§ WHAT TO DO: Please copy, exactly and with no pictures, only the lines from the one containing "Ear Thermometer, Highly" through the last line of the records.

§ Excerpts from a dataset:
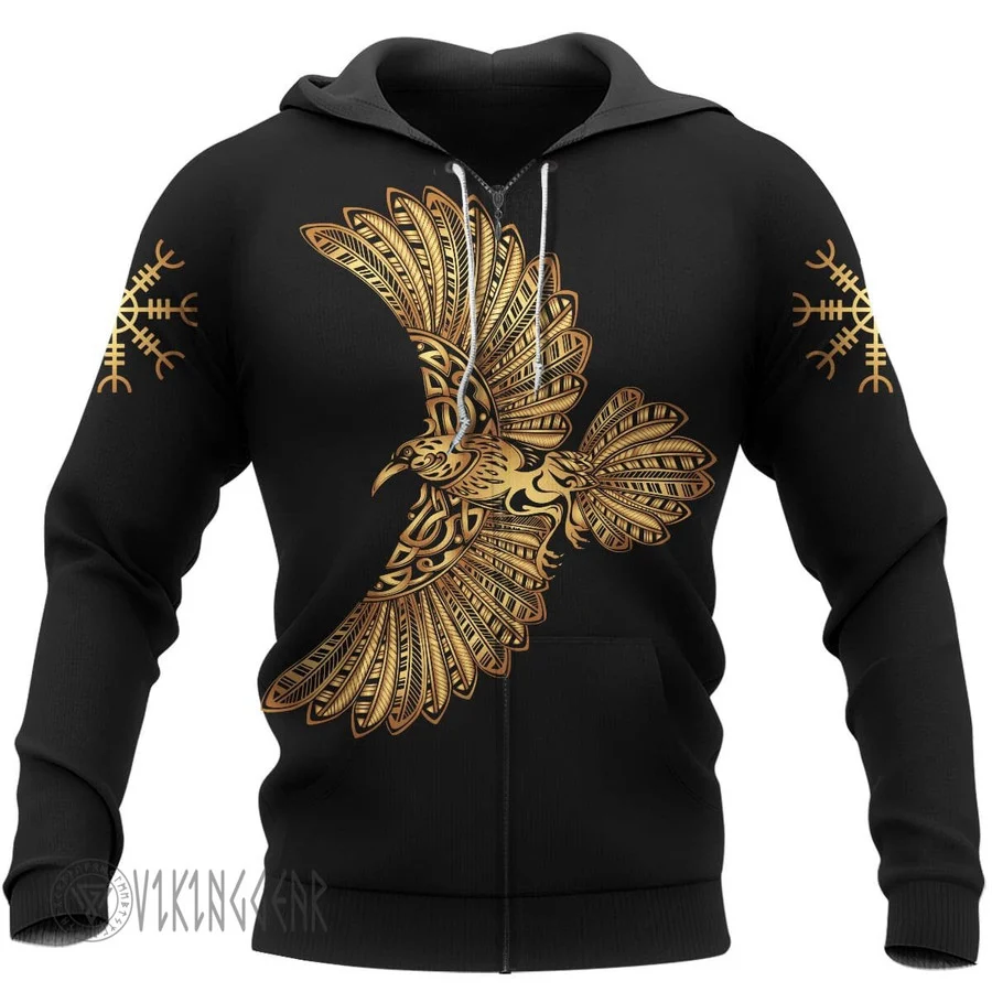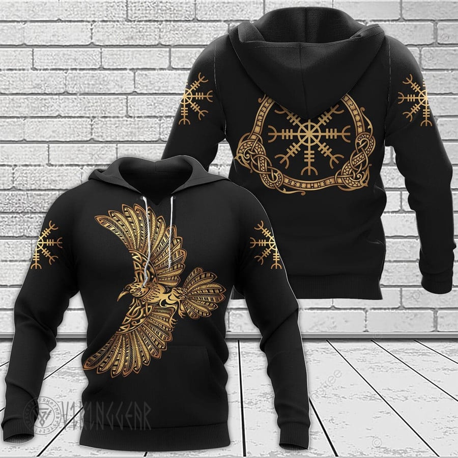 With a design inspired by Norse mythology, Raven The Helm of Awe Viking Hoodie embodies Viking spirit. Own it to confidently showcase your Viking style.
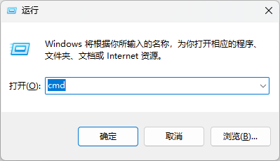 1、键盘按住“Win 键 + R”以开启运行,输入:cmd
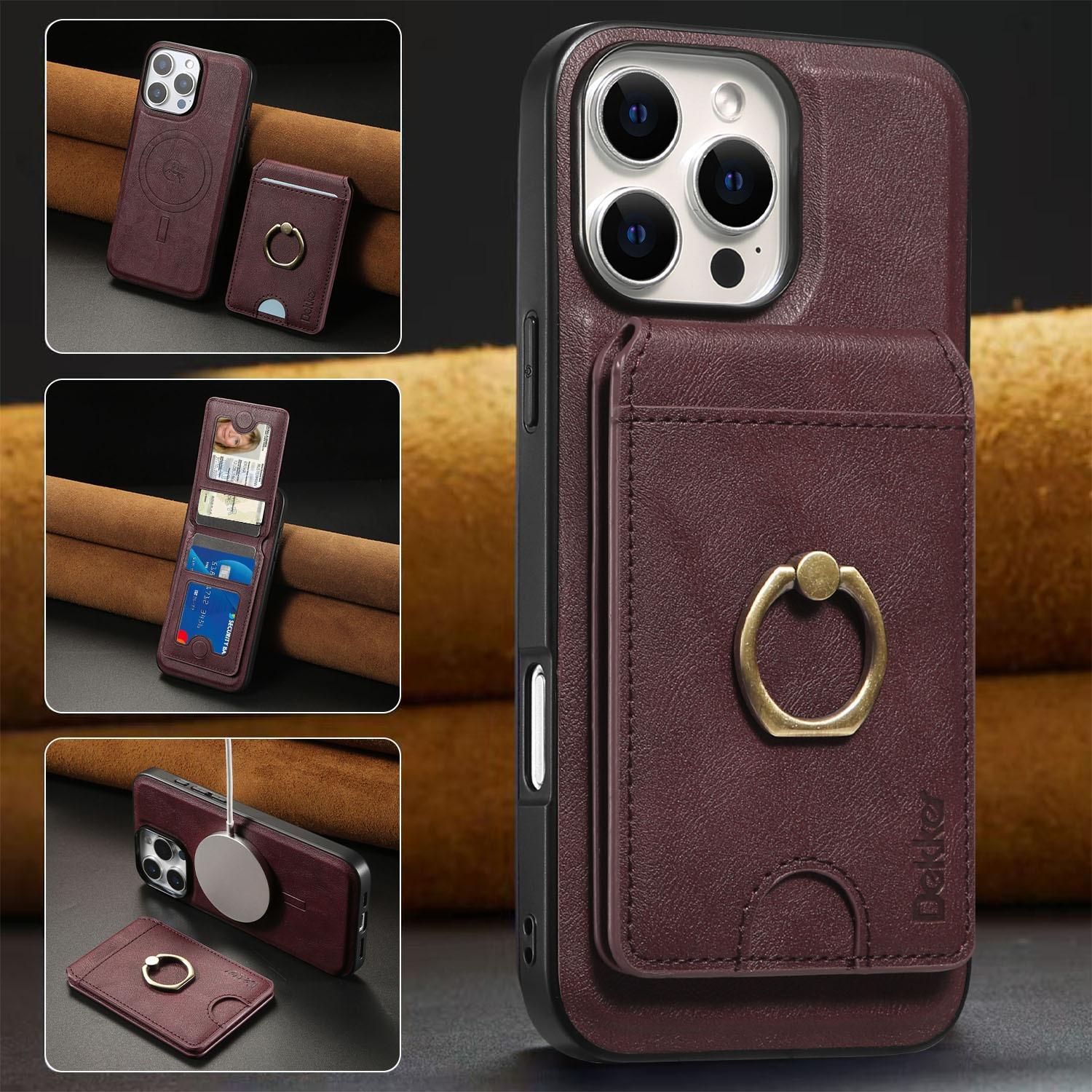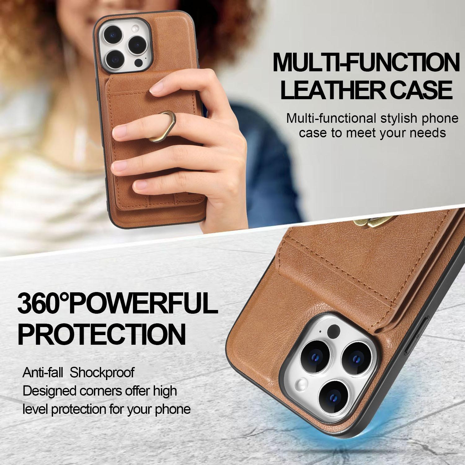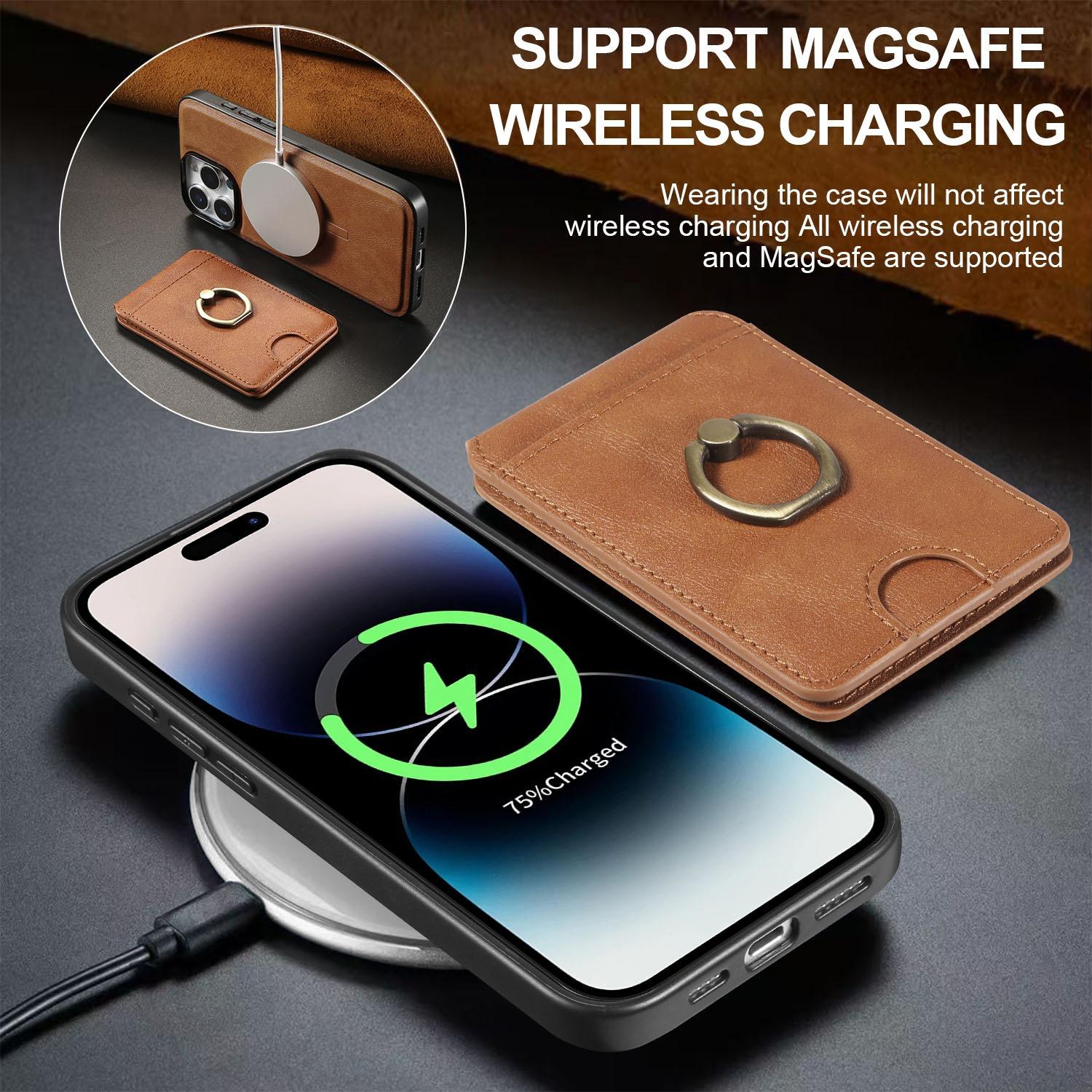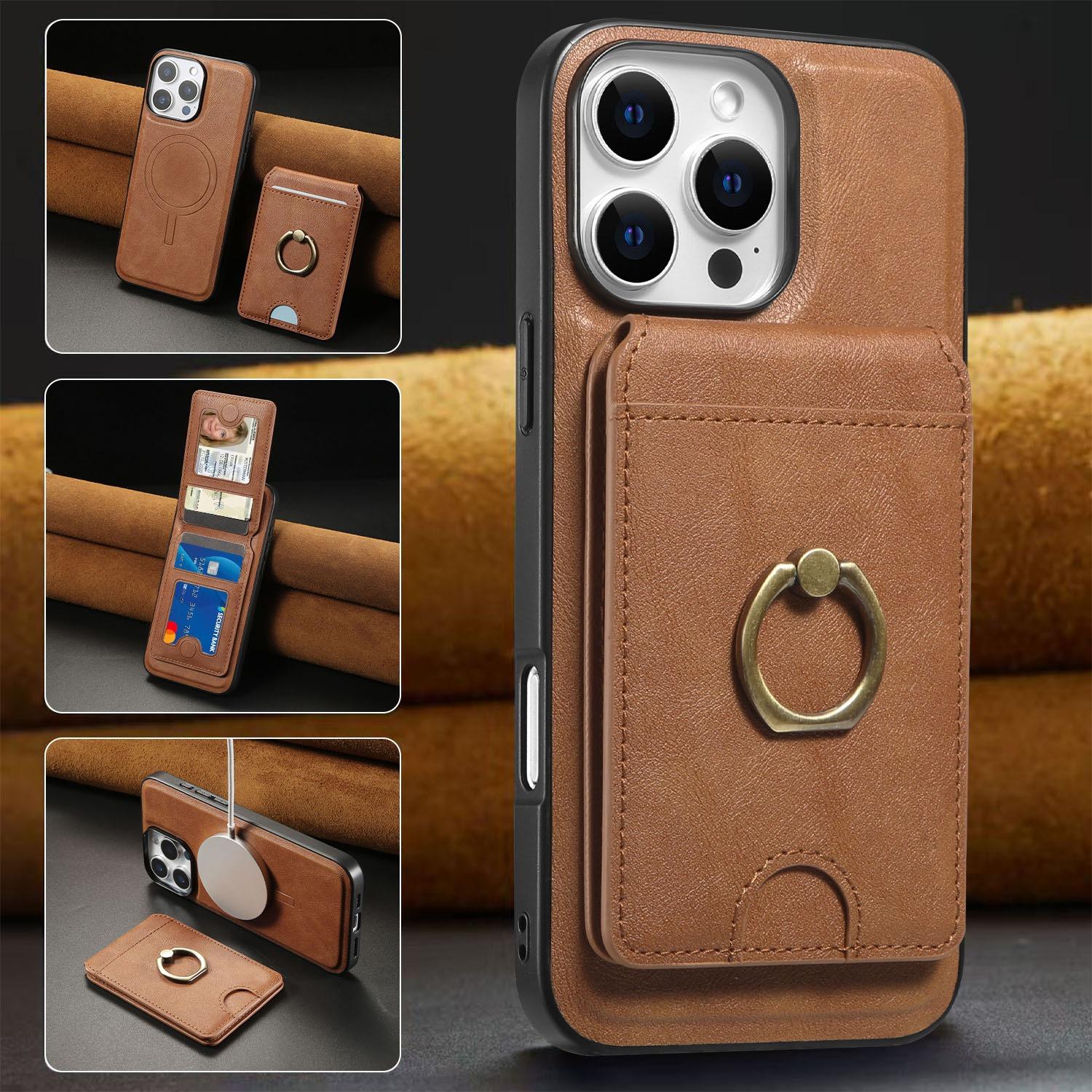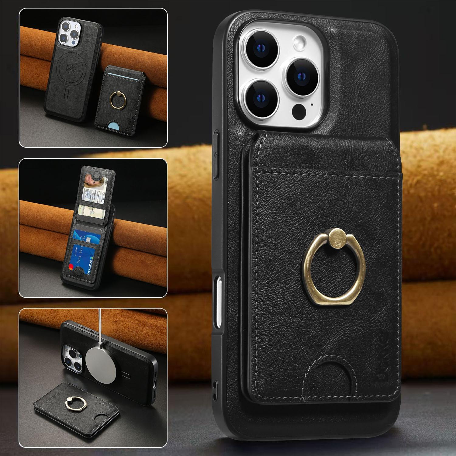 For iPhone 16ProMax 16 15 14 13 12 Leather Phone Case with Strong Magnetic Wallet Ring Stand, Anti-Fall Card Bag Kickstand for Magsafe Shockproof Business Hard Full Cover
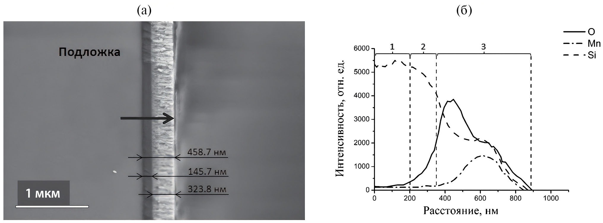 Рис. 4. РЭМ-изображение поперечного скола отожженной пленки (мишень 1) (а); профили распределения Mn, Si, O вдоль линии, перпендикулярной поверхности пленки: 1 – подложка, 2 – переходная область, 3 – пленка (б).
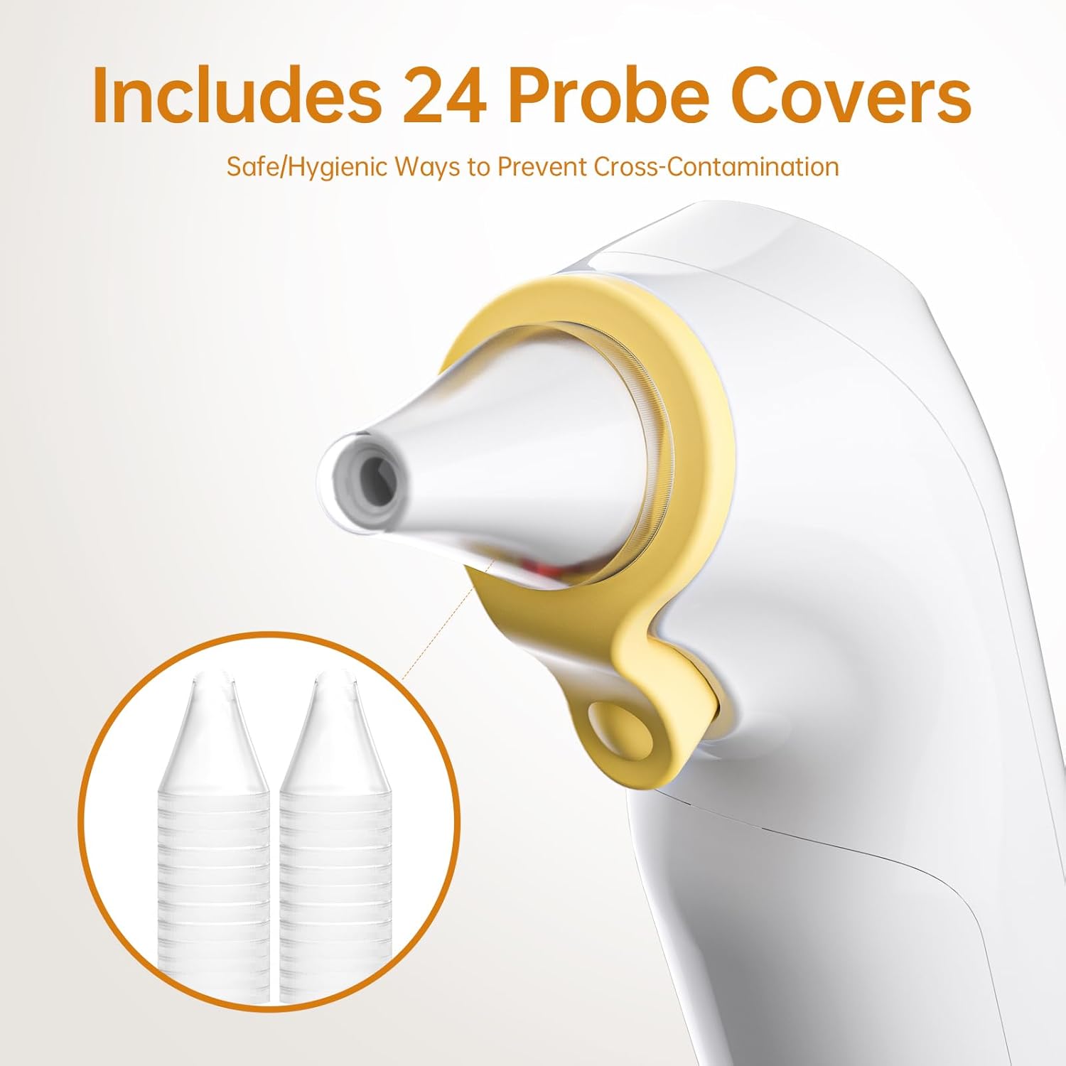 Ear Thermometer, Highly Accurate Ear Thermometer for Kids, Adults and Babies, 30 Memory Recall, 1s Result and 3-Color Fever Alert, with 24 Disposable Probe Covers, Yellow
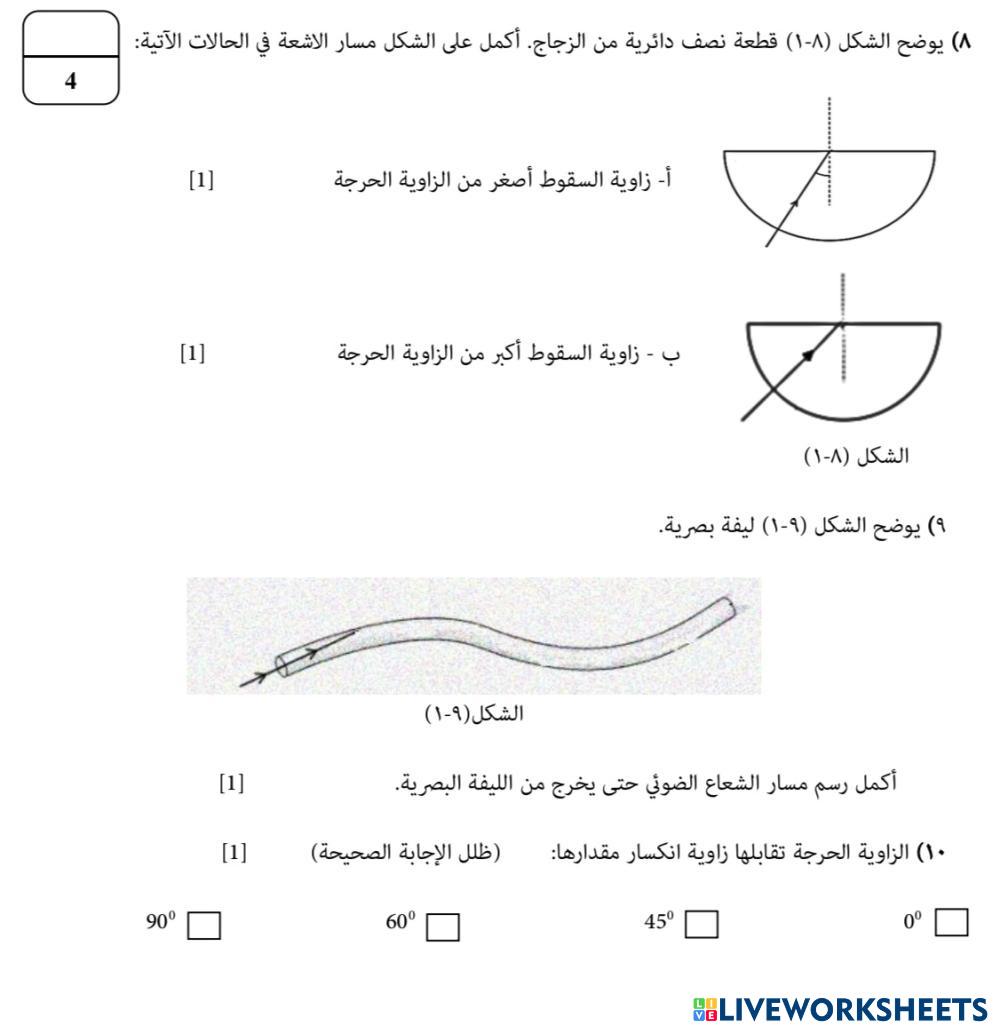 اسئلة اختبارات سابقة على درس الانعكاس الداخلي الكلي
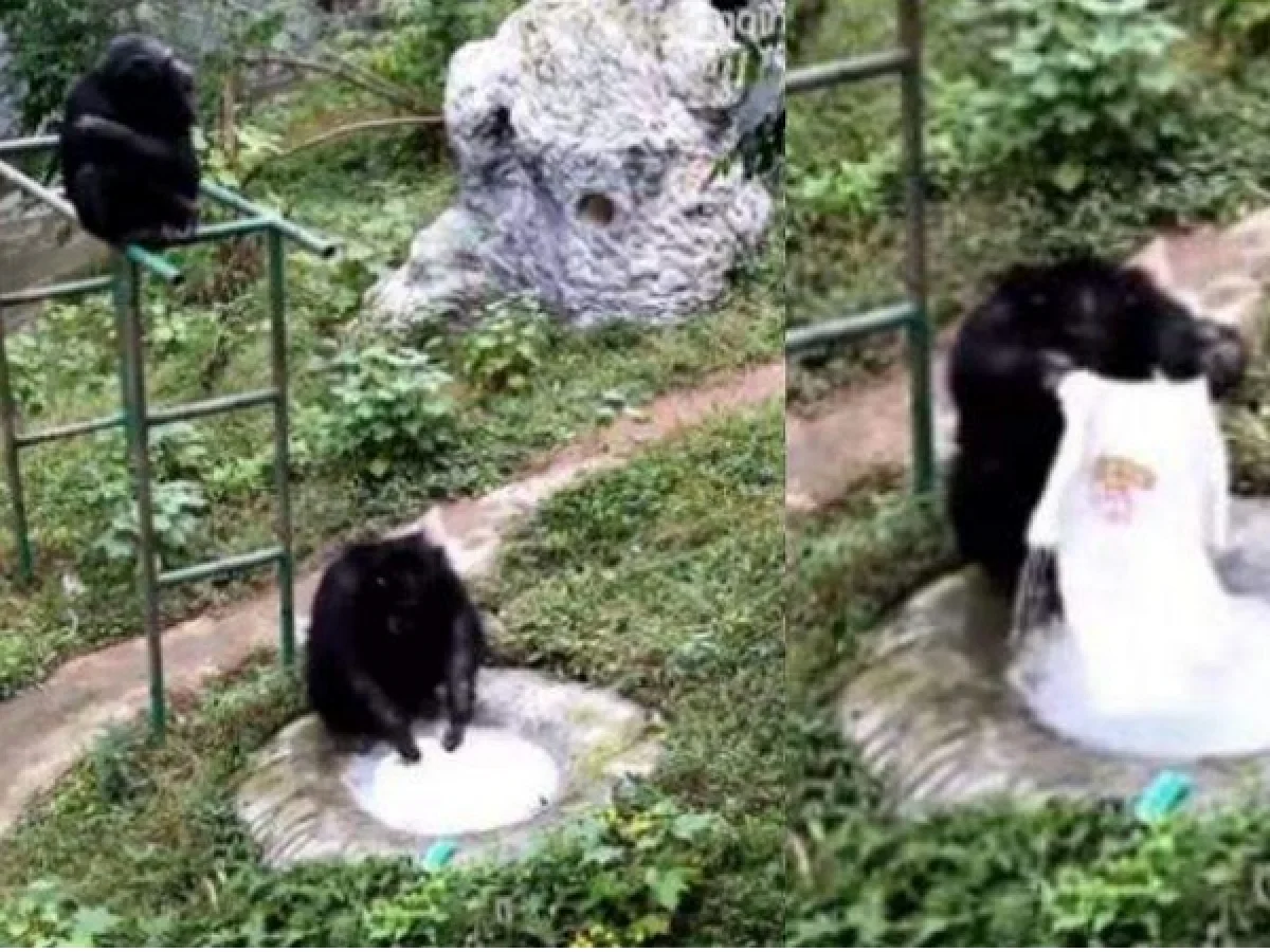 മൃഗശാലയിലിരുന്ന് വസ്ത്രങ്ങൾ കഴുകുന്ന ചിമ്പാൻസിയാണ് ഇപ്പോൾ സോഷ്യൽ മീഡിയയിൽ താരമായിക്കൊണ്ടിരിക്കുന്നത്. തെക്കുപടിഞ്ഞാറൻ ചൈനയിലെ മൃഗശാലയിലാണ് സംഭവം. 18 വയസുള്ള ആൺചിമ്പാൻസിയായ യുഹുയിയാണ് ഒരു വെളുത്ത ടി ഷർട്ടു ബ്രഷും ബാർ സോപ്പും ഉപയോഗിച്ച് കഴുകുന്നത്.

§ TASK SOLUTION:
 Ear Thermometer, Highly Accurate Ear Thermometer for Kids, Adults and Babies, 30 Memory Recall, 1s Result and 3-Color Fever Alert, with 24 Disposable Probe Covers, Yellow
 اسئلة اختبارات سابقة على درس الانعكاس الداخلي الكلي
 മൃഗശാലയിലിരുന്ന് വസ്ത്രങ്ങൾ കഴുകുന്ന ചിമ്പാൻസിയാണ് ഇപ്പോൾ സോഷ്യൽ മീഡിയയിൽ താരമായിക്കൊണ്ടിരിക്കുന്നത്. തെക്കുപടിഞ്ഞാറൻ ചൈനയിലെ മൃഗശാലയിലാണ് സംഭവം. 18 വയസുള്ള ആൺചിമ്പാൻസിയായ യുഹുയിയാണ് ഒരു വെളുത്ത ടി ഷർട്ടു ബ്രഷും ബാർ സോപ്പും ഉപയോഗിച്ച് കഴുകുന്നത്.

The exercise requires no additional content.